In my opinion, the determination of "originality" is not even clear
in the jurisprudence. Courts decide the issue on a fact basis and I
don't think the it has been altogether consistent, as I think you'll
partially glean from the Tele-Direct and Edutile cases below. Of
course, the other challenge is in trying to rely on the common law
when the statute keeps changing, as happened in 1988 and 1993.
>If I take a photograph that has artwork in the background, is there
>copyright on that photograph separate from the copyright of the artwork?
If your photograph meets the originality test, then yes. However, if
your photograph was a substantive reproduction of the the first
photograph, as determined by a qualitative and quantitative
assessment of the protected work, then it may not be original at all
and therefore not deserving of its own copyright. This was apparently
the finding in Editions Hurtubise H M H Ltee v. Cegep
Andre-Laurendeau,  R.J.Q. 1003 (Que. S.C.) which dealt with a
"literary work". I'm not clear on whether it would also apply to a
>What if the picture is in the foreground? What if the camera is digital
>and the purpose of taking the picture was to display that artwork in a
The only difference between foreground and background would be in the
determination of "substantive".
Take a look at the result in Theberge, which I know some on this list
have recently read, see Galerie d'Art du Petit-Champlain v. Theberge,
(2002) SCC 34, online LexUM
You will recall that the majority found that the gallery had not
infringed the reproduction right by transferring the authorized image
to another medium, but only because the transfer had destroyed the
original and the totality of reproductions had not increased. If the
totality had increased, presumably the court would then have run the
substantive test (as the minority did).
In U & R Tax Services Ltd. v. H & R Block Canada Inc. (1995), 62
C.P.R. (3d) 257 (Fed. T.D.) (I can't find it online, but if someone
wants to read it, send me a note), the court listed a number of
factors to use in assessing a substantive taking:
a) the quality and quantity of materials taken;
b) the extent to which the def'd's use adversely affects the pl's
activities and diminishes the value of the pl's copyright;
c) whether the material taken is the proper subject-matter of copyright;
d) whether the def'd intentionally appropriated the pl's work to save
time and effort;
e) whether the material taken is used in the same or similar fashion...

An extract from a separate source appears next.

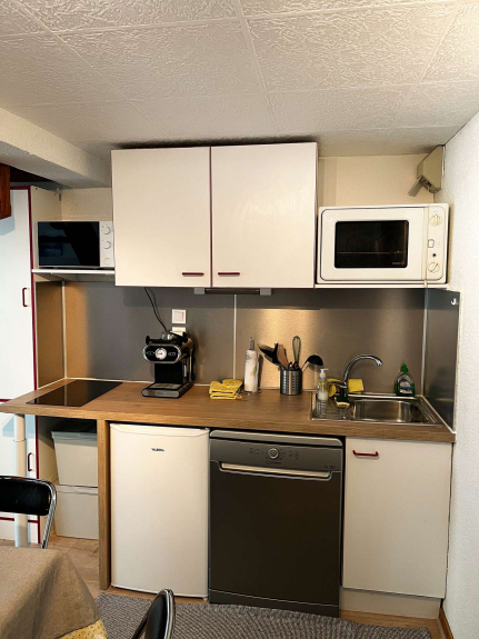 Kochecke: Backofen, Mikrowelle, Geschirrspüler, Kühlschrank 120L, Induktionskochfeld mit 2 Kochstellen, . 1 Filterkaffeemaschine, 1 NESPRESSO-Kaffeemaschine, 1 Wasserkocher, 1 Toaster, 1 Raclettegerät, Stabmixer.

>I believe the next step in this discussion-of-confusion is to ask about
>the whole concept of a copyright on databases. Facts cannot be copyright,
>but if you get many of them into a database, it is claimed that you can
>copyright the database. What type of monopoly does that offer? What if
>someone claims that a fact only existed in a certain database: is there
>now going to be a claim that they have exclusivity on that fact?
In the copyright sense, a database is a compilation of things which
may or may not attract protection individually, see Slumber-Magic
Adjustable Bed Co. Ltd. v. Sleep-King Adjustable Bed Co. (1984), 3
C.P.R. (3d) 81 (B.C.S.C.). A compilation can also be a collective
work, but I won't get into that.
A database could contain, for example, copyright articles or it could
contain names and phone numbers, which are not protected in
copyright. In either case, the question as to whether copyright
exists in the database is, in most cases, separate from the question
as to whether copyright exists in the individual things found in the
database. The exception would be in instances where a part of a
compilation was an expression of the author, e.g. the preface to a
collection of articles.
In the case of information found in a phone directory, the Federal
Court of Appeal in Tele-Direct v. American Business followed the
approach of the U.S. Supreme Court in Feist Publications v. Rural
Telephone Service in finding that these things do not attract
copyright protection because they are "obvious and commonplace"and
"so mechanical as to be devoid of a creative element." Tele-Direct
(Publications) Inc. v. American Business Information Inc. (1997), 76
C.P.R. (3d) 296 at 309 (Fed. C.A.)
http://www.canlii.org/ca/cas/fca/1997/1997fca10165.html But see
Edutile v. Automobile Protection Ass'n, (2000), 188 D.L.R. (4th) 132
(Fed. C.A.) (again, I can't seem to find this online), the court
found that a list of prices presented in a column met the test for
originality. Tamaro speculates in his book that a key difference
between these two cases might be that the definition of "literary
work" was narrowed in the time the two decisions came down.
In any event, a "fact" - which is not deserving of copyright - would
not then attract it by virtue of inclusion in a protected database.